Death is not the only consequence of unsafe abortions that women and girls may face. For those who survive, they are susceptible to a myriad of health complications, from excessive bleeding, scar tissue build-up, and in some cases, infertility.

One victim who was raped found herself in this situation after seeking help from a quack doctor.

“I confided in a friend and we found someone who gave me three pills. Two I swallowed and one I inserted in my vagina,” she said.

“Unfortunately this did not work, so I went to another woman who inserted something inside me. I think it was a hanger. I remember the pain, I was bleeding so much, they had to take me to hospital.”

Luckily, she survived. However, due to the manner in which she was treated, she contracted an infection and had to have her entire uterus removed. Today, she is unable to have her own children.

The psychological effects of abortions are important to take into consideration. While the procedure is largely a physical one, the choice to have an abortion is a deeply personal and emotional one for many women and girls.

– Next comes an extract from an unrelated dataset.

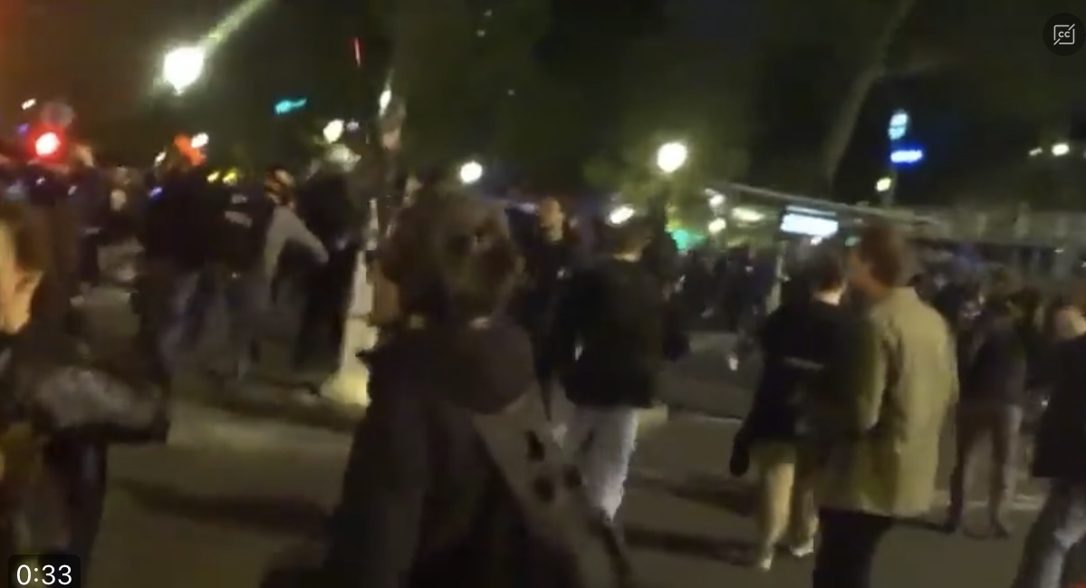 Πρωτοφανή επεισόδια μεσα στην νύχτα  σε συγκέντρωση διαμαρτυρίας στο Παρίσι για τη νίκη του Εμανουέλ Μακρόν στις προεδρικές εκλογές της 24ης Απριλίου.

Depression, withdrawal from relationships, loss of self-esteem, as well as feelings of guilt and shame are often emotions that those who abort may experience.

The procedure is one that has the power to permanently affect the mental health of an individual. Through the proper and legal route, post-abortion care is always provided. This does not only include the physical health of the woman but their emotional and psychological health, too.


Women and girls who have unsafe abortions are not afforded the same services. Because of the danger faced by those who conduct abortions under the table, they are unwilling to have any extended contact with their customers, leaving the girls to deal with the after-effects themselves.

Prof Phillip Ney, a Canadian psychiatrist and pioneer in the research on psychological disorders following abortion and child abuse, studied the link between abuse and abortion.

He found that having an abortion could reduce the instinctive inhibition on the expression of wild rage at a child one is responsible for. He also found that not only can the guilt and loss of self-esteem be transferred to the next child, but that the abortion of the first child can in fact curtail the development of a mother-child bond, blocking the normal expression of mothering functions.

Without the proper after-care provided by trained health professionals, without properly addressing their experience, women and girls who undergo unsafe abortions may feel its effects far into their lives and the lives of any future children they have.

Women and girls in Kenya are having abortions. That much is a fact. However, what is unnecessary is that they are dying from them. The moral or religious arguments raised will not change this, and by restricting the services and by making it harder for Kenyans to talk about it, they will continue to die.